EXERCISE REQUIREMENTS: Once the line containing "generated by AI" is found in the data below, repeat it and every later line exactly, leaving the pictures out.

INFORMATION SUPPLIED:

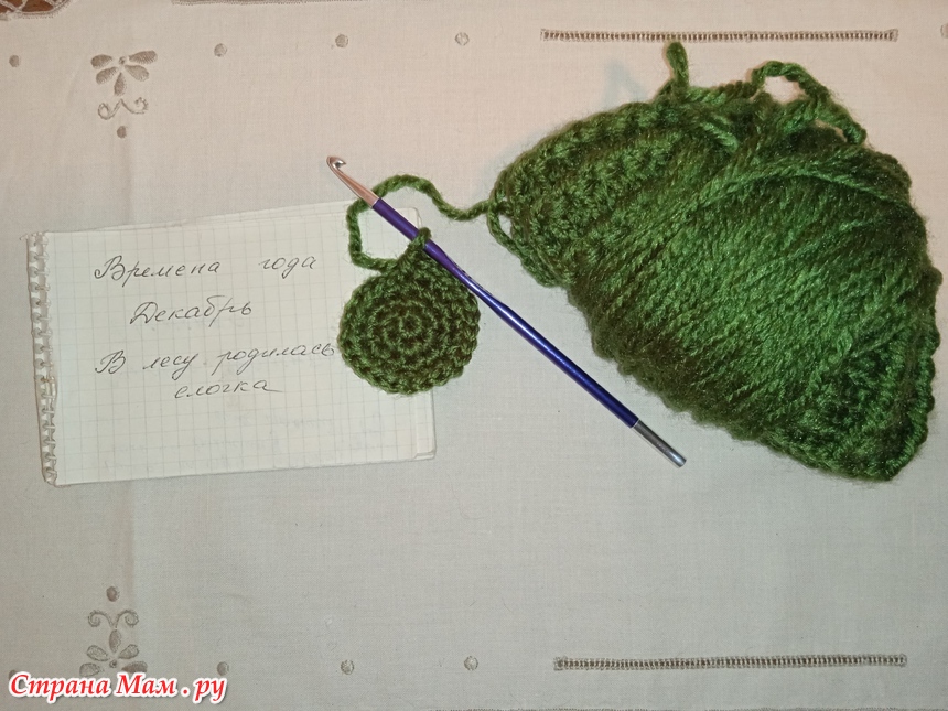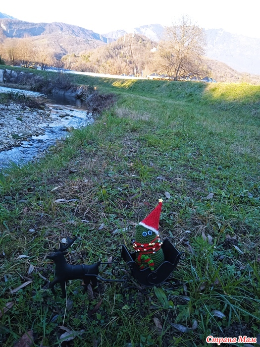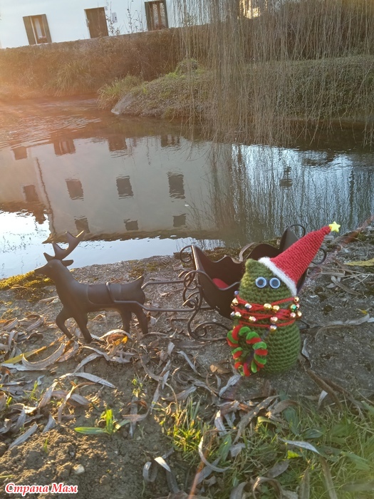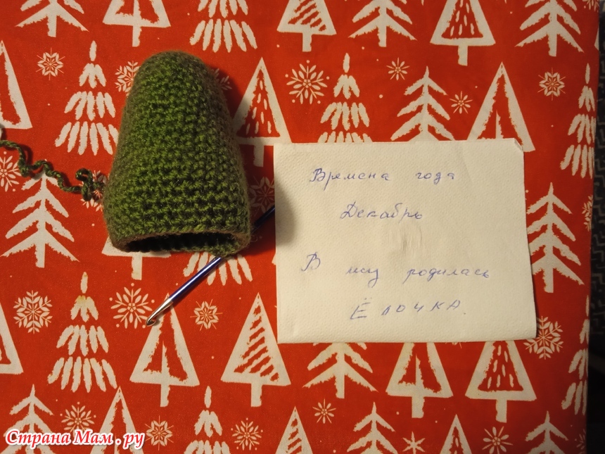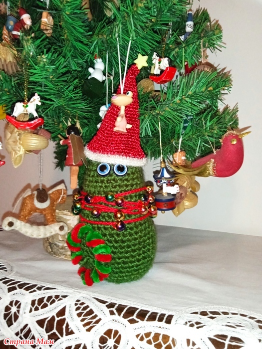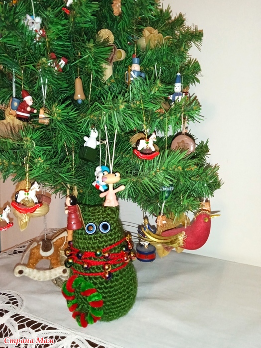 Ёлочка-кот связана из акриловой пряжи. Размер игрушки 13 см.
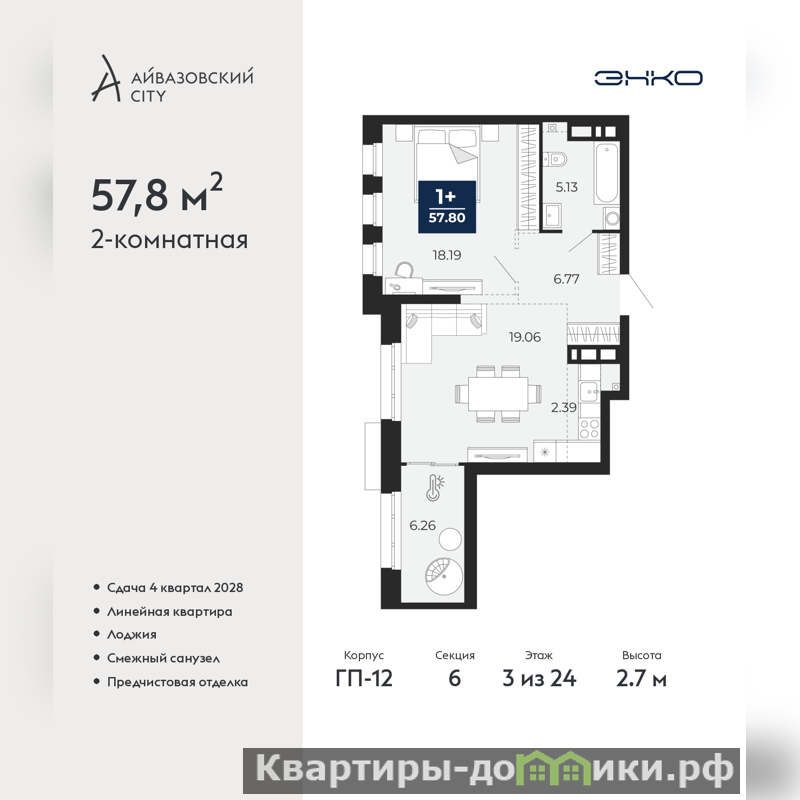 Продается 2-комн. квартира с европланировкой и предчистовой отделкой в ЖК "Айвазовский City" на 3 этаже. Общая площадь: 57.8 кв.м., жилая: 37.25 кв.м., суммарная площадь гостиной-столовой с кухонной зоной: 21.45 кв.м. Европланировка, кухня-гостиная - идеальный вариант для тех, кто любит часто принимать гостей. Комнаты изолированные, все окна выходят на одну сторону. В квартире одна лоджия, один совмещенный санузел. Высота потолков 2.7 м.
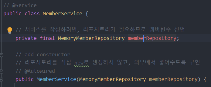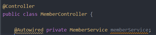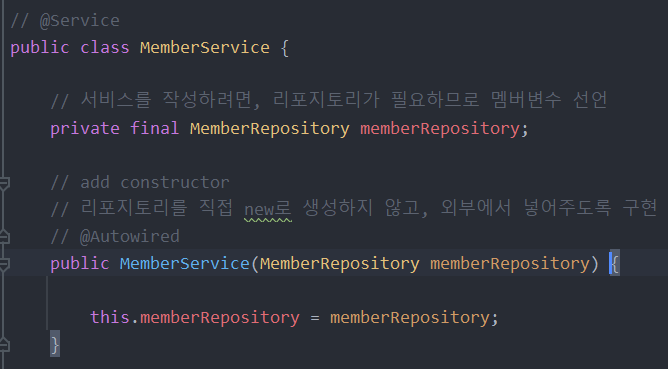 아래처럼 memberController가 생성자에서 memberService 를 @Autowired를 통해 연결했던 것처럼, 서비스 클래스에서도 @Autowired 를 통해 리포지토리를 주입받도록 코드를 수정합니다.
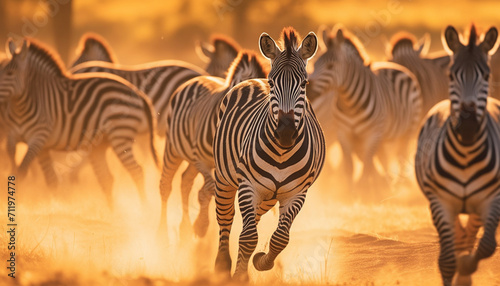 © Jemastock, Fototapeta premium A striped zebra stands in the African wilderness, surrounded by beauty generated by AI
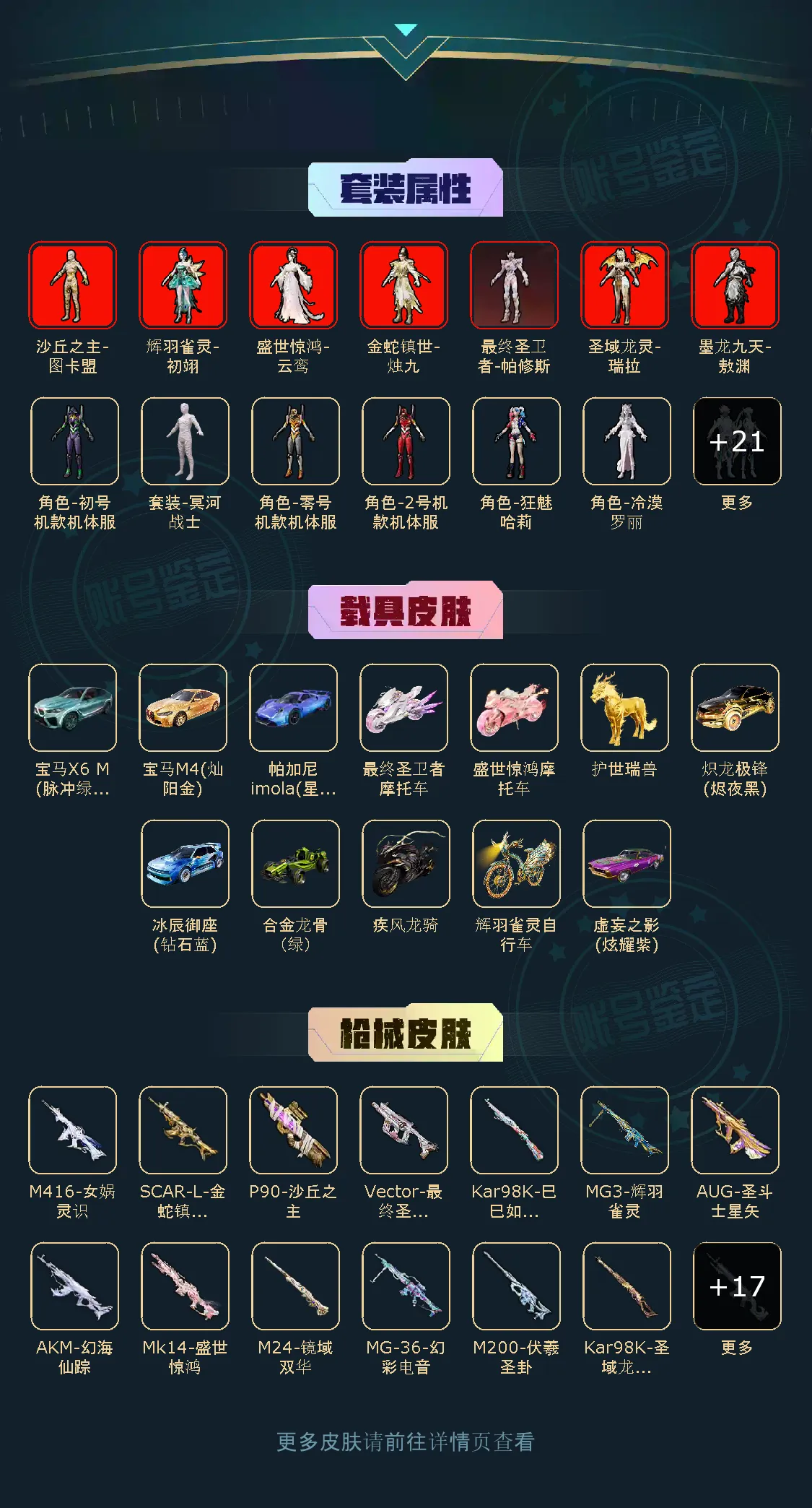 33粉,12载具,28特效枪,89套装,3王牌印记
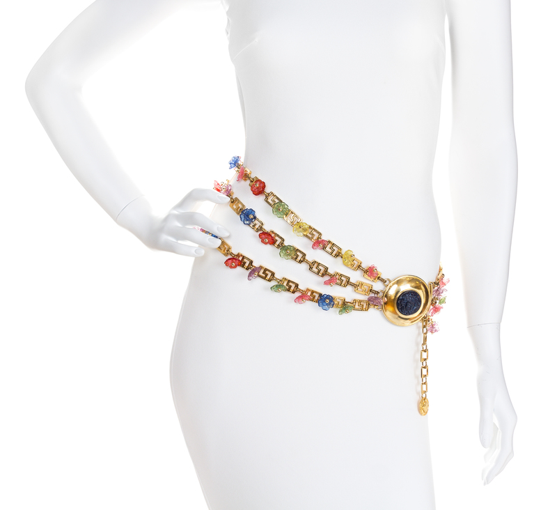 A Gianni Versace Multicolor Floral and Greco Link Triple Strand Belt,

COMPLETED TASK:
 © Jemastock, Fototapeta premium A striped zebra stands in the African wilderness, surrounded by beauty generated by AI
 33粉,12载具,28特效枪,89套装,3王牌印记
 A Gianni Versace Multicolor Floral and Greco Link Triple Strand Belt,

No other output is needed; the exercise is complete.